By Claudia Collins.
Henry VIII woke us every morning at the crack of dawn. He was a handsome rooster with feathers of reddish brown. My sister Polly had named him after the king she’d learnt about in history class.
‘A fat, red-haired king with many wives,’ said Polly. ‘It suits him.’
We would climb out of bed and begin our morning chores. The twins refilled the wood boxes each side of the kitchen stove and the big one next to the main fireplace. Polly made breakfast. In winter, we had porridge or Weet-Bix with warm milk. In summer, there was cold milk on the Weet-Bix. A chubby and cheerful girl, she made our school lunches, washed the breakfast bowls, and took Mother her morning cup of tea. Polly cooked the evening meal too, when Mother was at work, or drinking. She liked cooking.
‘It’s heaps better than sweeping or mopping the floors,’ she told me.

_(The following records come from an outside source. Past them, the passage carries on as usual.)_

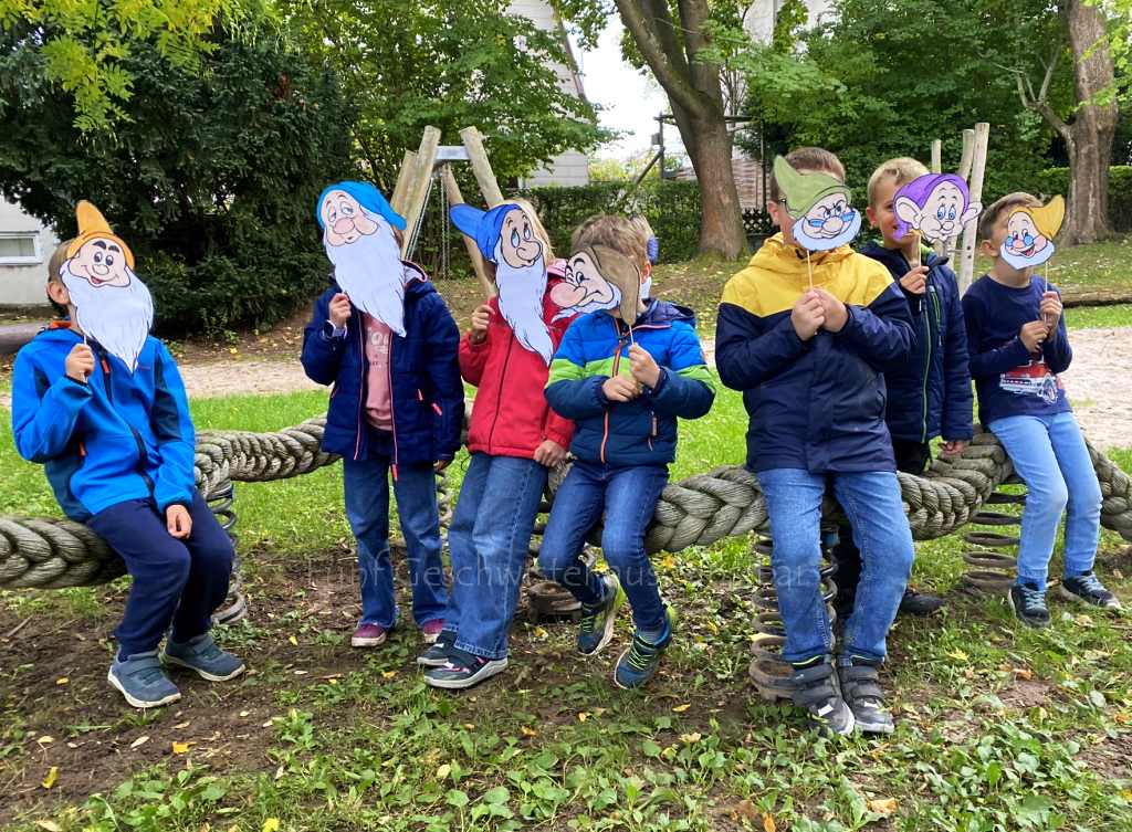 Es gab sieben unterschiedliche Aufgaben, die sie gemeinsam erledigen mussten. Da die Zahl 7 in der Welt der Märchen des Öfteren auftaucht, wurden einige davon in spielerische Aufgaben verpackt. So mussten die Kinder unter anderem die sieben Geißlein in einem Garten suchen, des tapferen Schneiderleins Eifer nachahmen und sieben Fliegen auf einen Streich treffen und ein Fotoshooting mit den sieben Zwergen durchführen.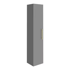 Arezzo Wall Hung Tall Storage Cabinet – Matt Grey – With Industrial Style Brushed Brass Handle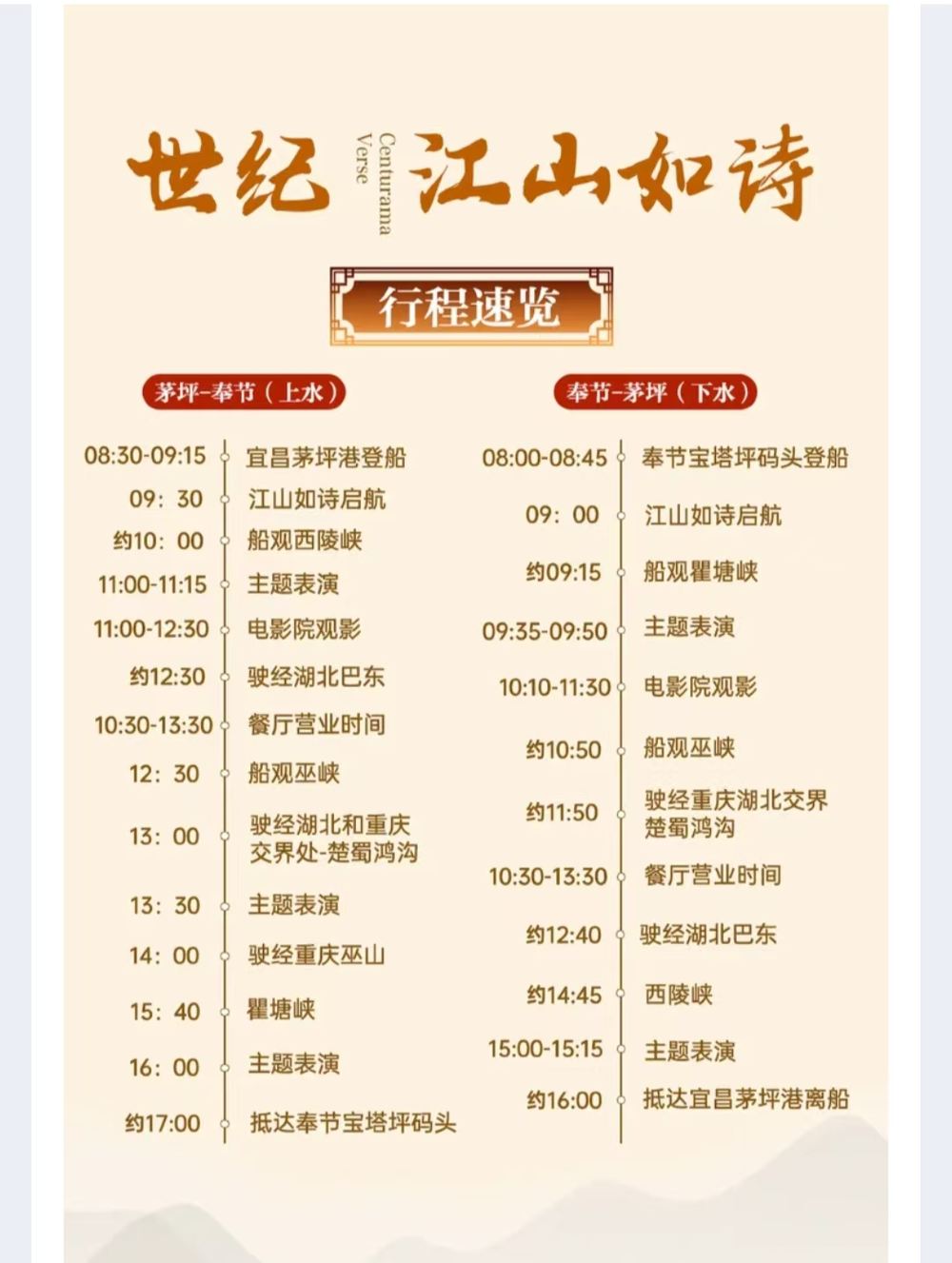 根据季节、水位、天气、航道、政府禁令等情况,上述行程表中的到港时间、在船活动时间可能会有相应调整,请以游船当日行程为准。当日返程交通建议:奉节离船当日下午19:00以后高铁;秭归离船当日下午19:00以后高铁或20:00以后航班。

Milly and Sally’s job was the washing. They would gather it and cart it outside to the laundry. When the electricity bill was paid they used the washing machine. It had a ringer on top. Careful of her fingers, Milly fed the clean washing through this to squeeze the water out, then Sally would hang it.
When there was no power, the old copper boiler was lit. Milly would stir the washing with a paddle, using this to scoop the steaming clothes out and into the concrete wash trough for Sally to rinse. Together they would wring out the clothes, taking an end each and twisting the water out before hanging them on the line. Only ten months apart in age, they bickered and fought constantly while they worked.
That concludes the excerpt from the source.